Michelle Obama: "For the First Time in My Adult Lifetime, I'm Really Proud of My Country"

Speaking in Wisconsin today, would-be First Lady Michelle Obama said, "For the first time in my adult lifetime I am really proud of my country. And not just because Barack has done well, but because I think people are hungry for change."

(Watch the video HERE.)

The whole quote in context is: "What we've learned over this year is that hope is making a comeback. It is making a comeback and let me tell you something, for the first time in my adult lifetime, I'm really proud of my country. And not just because Barack has done well, but because I think people are hungry for change. And I have been desperate to see our country moving in that direction and just not feeling so alone in my frustration and disappointment. I've seen people who are hungry to be unified around some basic common issues, and it's made me proud. And I feel privileged to be a part of even witnessing this, traveling around states all over this country and being reminded that there is more that unites us than divides us..."

Some conservatives out there (HERE for instance) seem to find Mrs. Obama's quote offensive, wondering why a 44 year old woman never felt proud before today -- but their anger seems based on an erroneous early version of this quote first reported in the Boston Globe, inaccurately stating that she said "for the first time in my adult life, I am proud of my country, because it feels like hope is making a comeback.”
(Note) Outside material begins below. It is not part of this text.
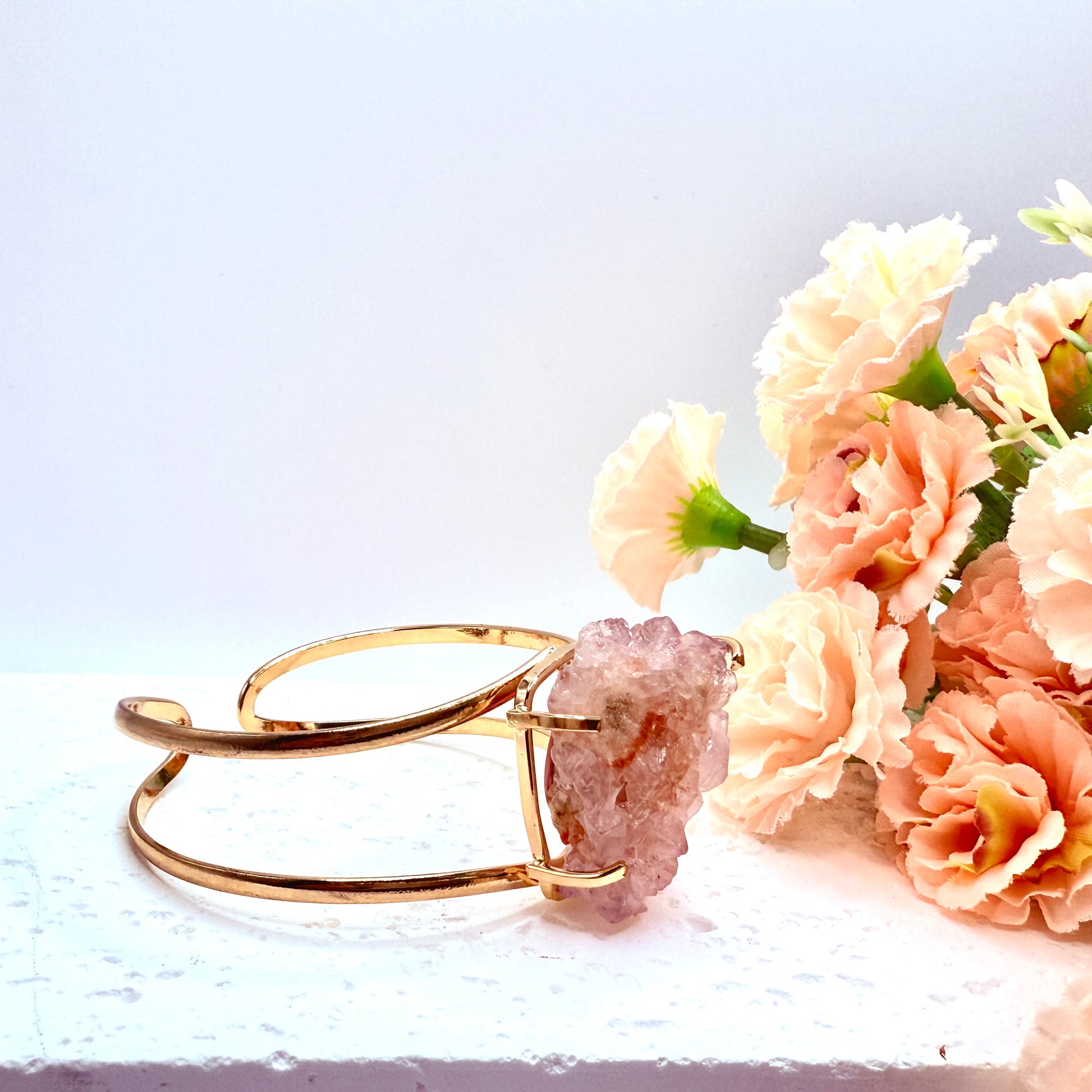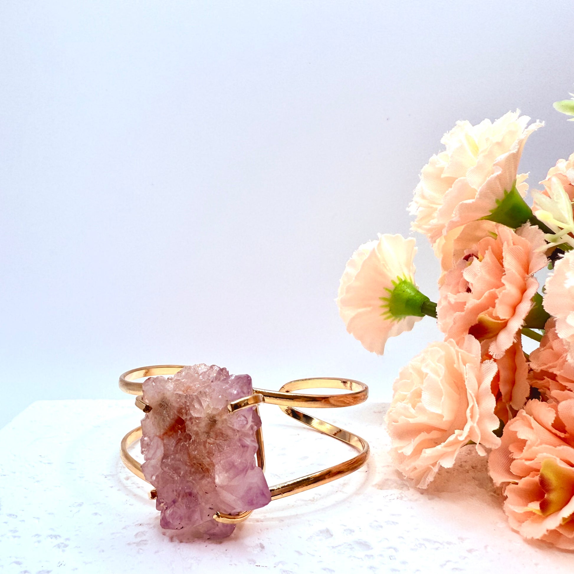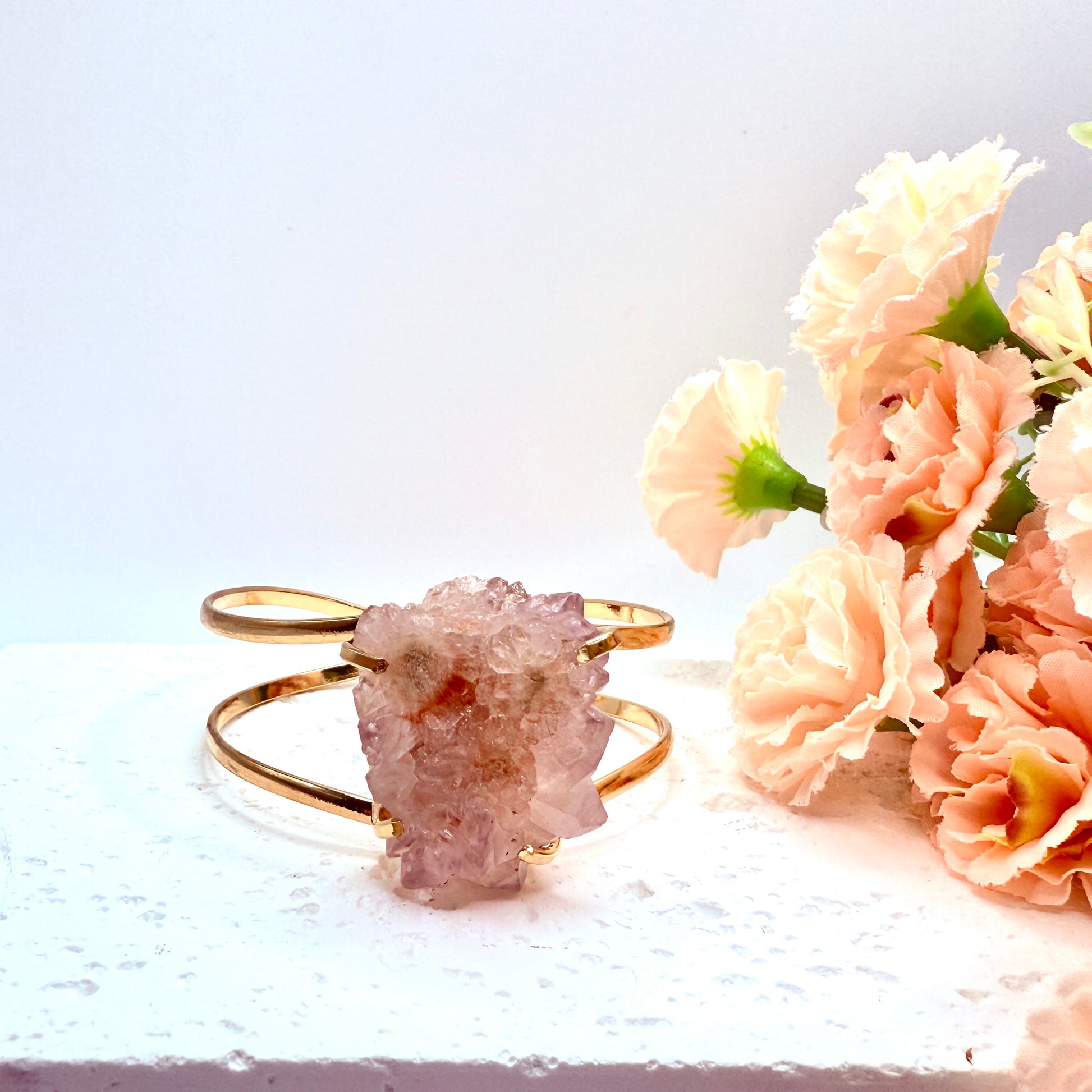Soft pink amethyst clusters create a dreamy bracelet that wraps your wrist in gentle, heart-healing energy. Buy pink amethyst bracelet in Canada and discover how this rare crystal variety combines amethyst's clarity with rose quartz's loving vibration. Each handmade pink crystal bracelet features natural cluster formations that catch light like crystallized sunset clouds, making this piece both spiritually meaningful and visually stunning.

The Globe has now been corrected, though oddly there's no note that an error had been made or a correction given.

Asked for a response to the remark, Obama campaign spox Bill Burton said, “Of course Michelle is proud of her country, which is why she and Barack talk constantly about how their story wouldn’t be possible in any other nation on Earth.  What she meant is that she’s really proud at this moment because for the first time in a long time, thousands of Americans who’ve never participated in politics before are coming out in record numbers to build a grassroots movement for change."

Boy, that early Globe version is quite different than the later fuller one…But others still might find it controversial....What do you think?

-- jt

(Note: After I found even more video of her comments, I added an extra sentence and a link to a longer video excerpt.)